Guidant has won European approval for its Xience V drug-coated stent, keeping it on track to launch the product onto the market in the second quarter of this year.
Xience V (everolimus) will enter a market with just two rival drug-eluting stents at the moment, namely Johnson & Johnson’s Cypher (sirolimus) and Boston Scientific’s Taxus (paclitaxel), which together accounted for a global market estimated at $5.5 billion in 2005.
Xience V is expected to make inroads into the market for drug-eluting stents because it has a lightweight construction that makes it easier to deliver and deploy it into the diseased blood vessel. It has not yet been submitted for approval in the USA, however, which accounts for the majority of drug-eluting stent sales.

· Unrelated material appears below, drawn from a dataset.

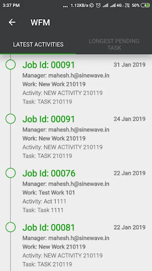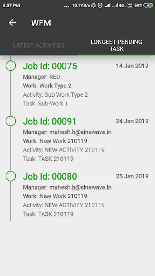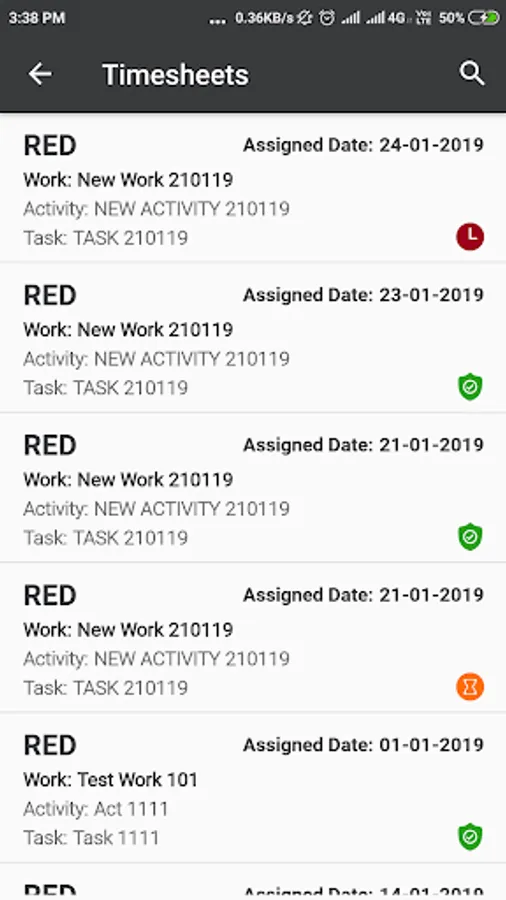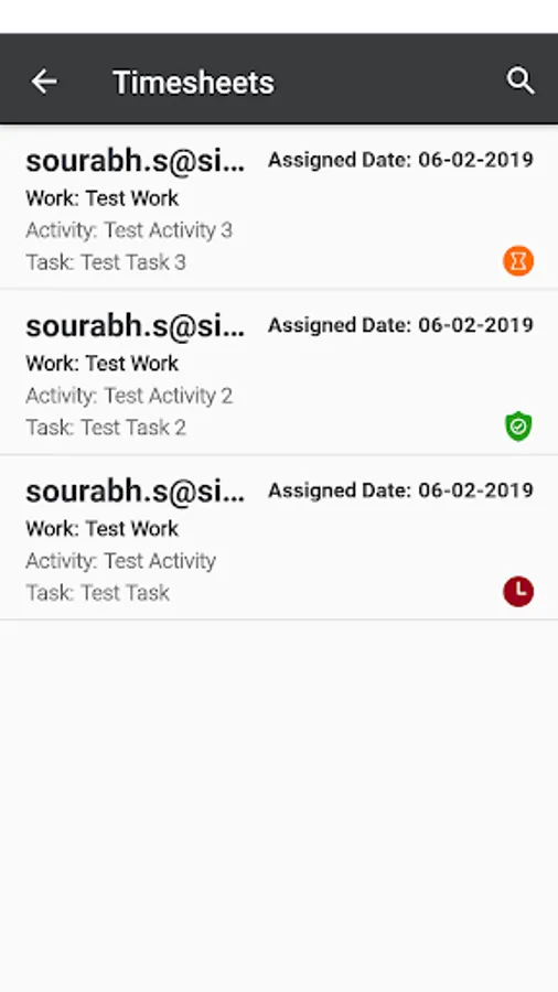 2)A Time Sheet Activity Show list of all task and also some details of all task i.e. Pending, Running, Done.

Guidant said a 1,380-patient trial called SPIRIT III will be used to support its application for approval of the stent in the USA and Japan. This is about 70% enrolled and should meet its target for patient numbers later this quarter, according to Guidant.
Approval is a welcome piece of positive product news for Guidant, which has been hit hard by a major recall of pacemaker and defibrillator products last summer that wreaked havoc with its revenues in the latter half of the year.
But the real beneficiary of the green light will be Abbott Laboratories, which is due to buy Xience V and the rest of the vascular business for $4 billion, as part of a $6.4 billion investment in Boston Scientific’s $27.2 billion acquisition deal for Guidant.